Losing good jobs through outsourcing and providing tax benefits to companies who send those jobs overseas is an old stereotype and outdated thinking?
President Obama said his objective was to create jobs in the U.S., and to rebuild the country's economy, but it would not be at the expense of the creation of jobs in other countries. The U.S. will instead discover, create and build products that are sold all over the world, he said.
http://www.computerworld.com/...
What?? Is this the same guy who just toured the country doing stump speeches about Jobs Jobs Jobs?
I have some experience in this arena. I've watched the IT field be obliterated over the last ten years. And I don't see the people who were asked to train others (who will work for a small fraction of the cost) getting any new and better jobs here in the US as a result. I haven't seen any new field open up for these people after some retraining. And I certainly haven't seen any increase in manufacturing in the United States in order to satisfy the demands of this burgeoning Indian middle class.
They're going to buy more of our goods? Really?
We don't even buy more of our goods. We don't even make most of our goods. And I don't see that changing any time in the near future, do you? Have you tried to buy American lately?
We don't even recycle our own glass and plastics anymore in my town. We ship them to China.
The last time one of our Presidents went to India we gave away nuclear technology and got... mangoes.
Now we have a President in India reassuring them that we won't do anything to stop encouraging outsourcing of more American jobs, after he just spent the past month promising the American people that he'd focus on jobs, that he understood their pain.

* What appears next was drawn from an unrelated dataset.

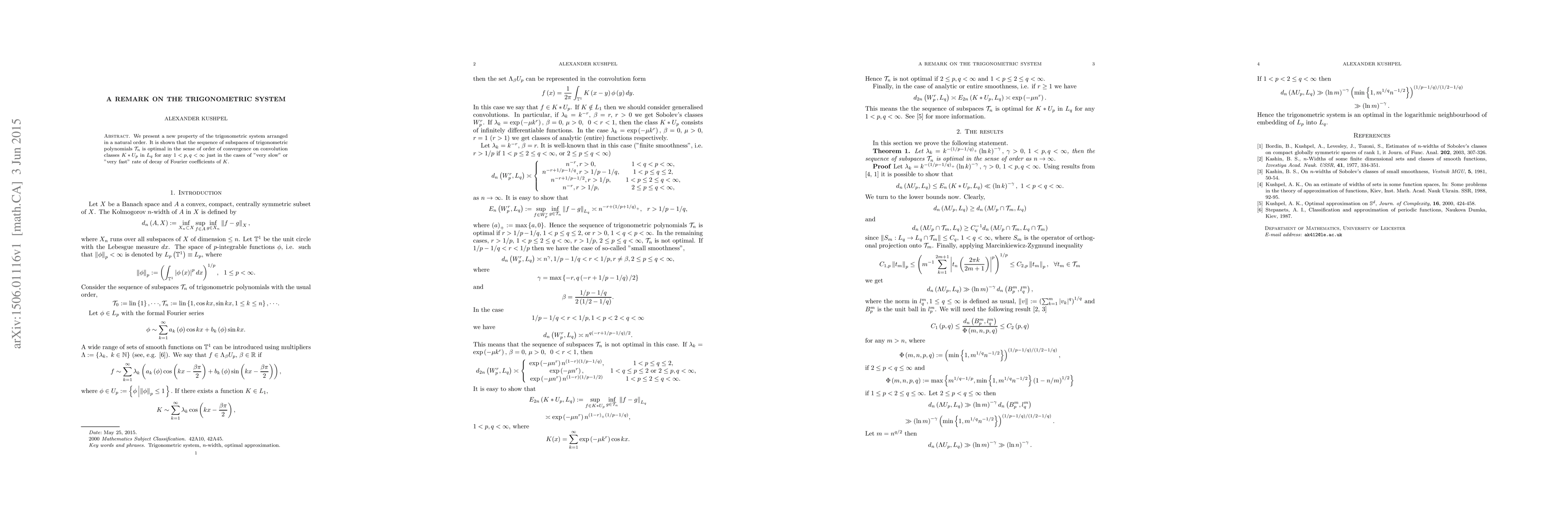We present a new property of the trigonometric system arranged in a natural order. It is shown that the sequence of subspaces of trigonometric polynomials is optimal in the sense of order of convergence on convolution classes K*Up in Lq for any 1

I guess it's kind of like how he was against East Coast offshore drilling, before he was for it, before he reconsidered, until he reconsiders again. Or maybe, most of the time, his position just depends on who he's talking to at the moment.
This is not the change that I voted for. I don't know about you, but I'm really tired of this. I mean I'm really tired of this. I will be curious to see what the AFL-CIO's response to this will be, if any.
Who benefits from these kinds of policies? Who benefits? Do you benefit? I know that I don't. My kids don't. My neighbors don't.
And really, where are these jobs that replaced all of the solid, IT jobs we've lost in the past decade, Mr. President? Where are they? Where is this equivalence? You really must think that we've all just fallen off of a turnip truck.
Prime Minister Singh, too, pointed out that shipping low-end jobs to India helped US firms make more profits, which in turn helped
them to create new, high-end jobs in the US.
With all due respect, Prime Minister, that's a load of crap.
As Mr. Mittal, chief of India's powerful National Association of Software and Services Companies (NASSCOM) said:
It has become an act, and we can live with it.
Yes, not surprisingly, he can live with it. Me? I can't.
Protecting American jobs is never outdated thinking. Full employment, keeping the best interests of your own people first and doing your best to make sure that they can earn a living, and Fair trade is never an old stereotype.